Lettre au DDV sur Juppé

          Ce n’est pas parce qu’il est candidat aux primaires de l’UMP, candidat probable aux présidentielles, que je regrette l’article du dernier DDV qui en faisant d’Alain Juppé l’un des nôtres (« depuis longtemps militant à la Licra ») écorne certes la neutralité politique dont nous nous enorgueillissons. Même si la conscience de gauche que je suis (très vaguement) pourrait se sentir malmenée par un tel parti-pris, j’accepte volontiers l’idée que des personnalités de tous bords s’expriment à la Licra, qu’il est même souhaitable qu’elles s’y expriment (dans la mesure cependant où on ne leur sert pas trop ostensiblement la soupe).

         Le problème est ailleurs, et beaucoup plus grave : en avril 1994, Alain Juppé, homme de raison, humaniste, de grande culture, et opposant résolu à l’extrême-droite, était ministre des affaires étrangères d’un gouvernement de cohabitation, alors que commençait le dernier génocide du siècle.

Le 7 avril, le génocide commence et (nombreux témoignages à ce sujet, dont celui du sociologue André Guichaoua, par ailleurs hostile au FPR) le gouvernement génocidaire se constitue à l’intérieur de l’ambassade de France, sous l’œil complaisant de l’ambassadeur Jean-Michel Marlaud.

Le 27 avril, Jérôme Bicamumpaka, ministre des Affaires étrangères du gouvernement génocidaire et Jean-Bosco Barayagwiza son directeur de cabinet et chef des CDR, sont reçus au Quai d’Orsay par Alain Juppé.

Le 15 mai, alors que la plus grande part du million de Tutsi génocidés est déjà morte, ce dernier prononce, le premier au gouvernement français, le mot « génocide » (lequel était pourtant apparu dès le 12 avril dans les colonnes de Libération et du Parisien).

Le 22 juin commence la mission « Turquoise », voulue notamment par Edouard Balladur et Alain Juppé, mais dont les objectifs humanitaires affichés serviront à protéger les génocidaires (exemple, très documenté aujourd’hui, de l’épisode de Bisesero où la mauvaise volonté du commandement français est la cause de 3000 morts Tutsi supplémentaires).

         Il est impensable qu’Alain Juppé ait souhaité et fomenté ce qui est arrivé.
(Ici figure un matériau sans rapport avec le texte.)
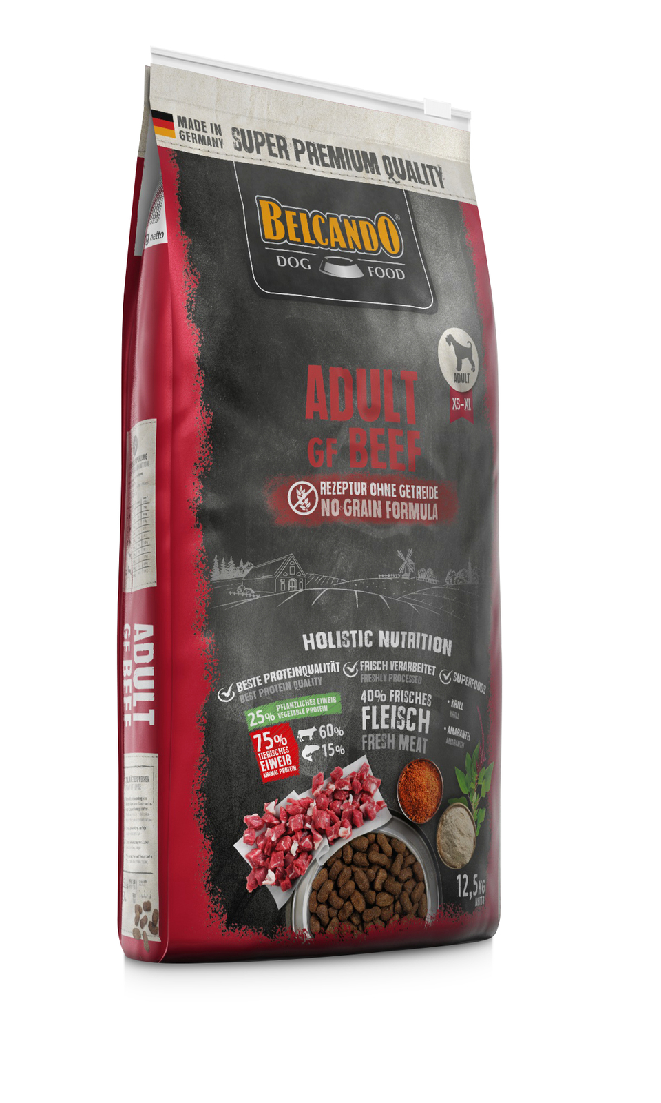 Det perfekta fodret för hundar med gluten- eller spannmålsintolerans som föredrar ett alternativ till fjäderfäkött. I receptet som utvecklats enligt ett holistiskt näringskoncept ersätts spannmålen med högkvalitativ amarant, som har ett betydligt högre innehåll av viktiga näringsämnen (protein, essentiell aminosyra lysin, omättade fettsyror, mineraler, spårämnen). Den höga andelen färskt kött gör också Adult GF Beef till en riktig godbit, även för kräsna hundar. Protein- och fettinnehållet är anpassat till behoven hos vuxna hundar av alla raser med normal aktivitetsnivå.

Il était néanmoins l’une des personnalités clés du gouvernement, et la complaisance française aux crimes, la complicité, même, se sont produites alors qu’il était aux affaires, qui plus est dans le cadre étroit de son ministère.
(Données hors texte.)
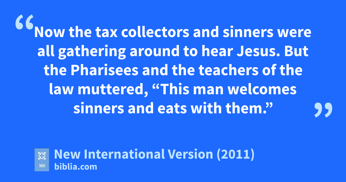 15 Now the tax collectorss and sinners were all gathering around to hear Jesus. 2 But the Pharisees and the teachers of the law muttered, “This man welcomes sinners and eats with them.”t

Sa parole depuis, sur ce sujet, a été rare et toujours de dénégation. Il ne nous appartient pas de nous ériger en juges, et peut-être aucun jugement, au sens judiciaire du terme n’aura-t-il jamais lieu.
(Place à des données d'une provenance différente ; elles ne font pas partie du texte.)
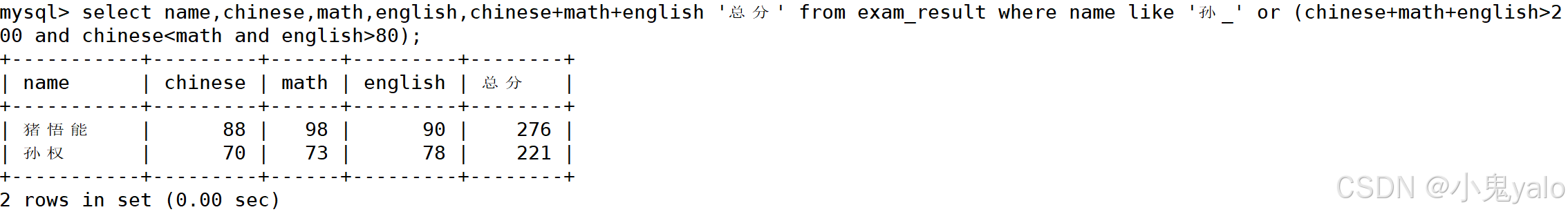 mysql> select name,chinese,math,english,chinese+math+english '总分' from exam_result where name like '孙_' or (chinese+math+english>200 and chinese<math and english>80);

         Pourtant l’histoire passera, elle est en train de passer, et la responsabilité de ceux qui, ayant eu un jour la possibilité de dire non, ont seulement détourné le regard, sera interrogée.

En attendant, membre du comité de rédaction du DDV, du bureau exécutif, et responsable de la Commission nationale Mémoire, Histoire et Droits de l’Homme, je veux faire part de mon vif malaise lorsque je lis dans mon journal qu’ « Alain Juppé est depuis longtemps militant à la Licra ».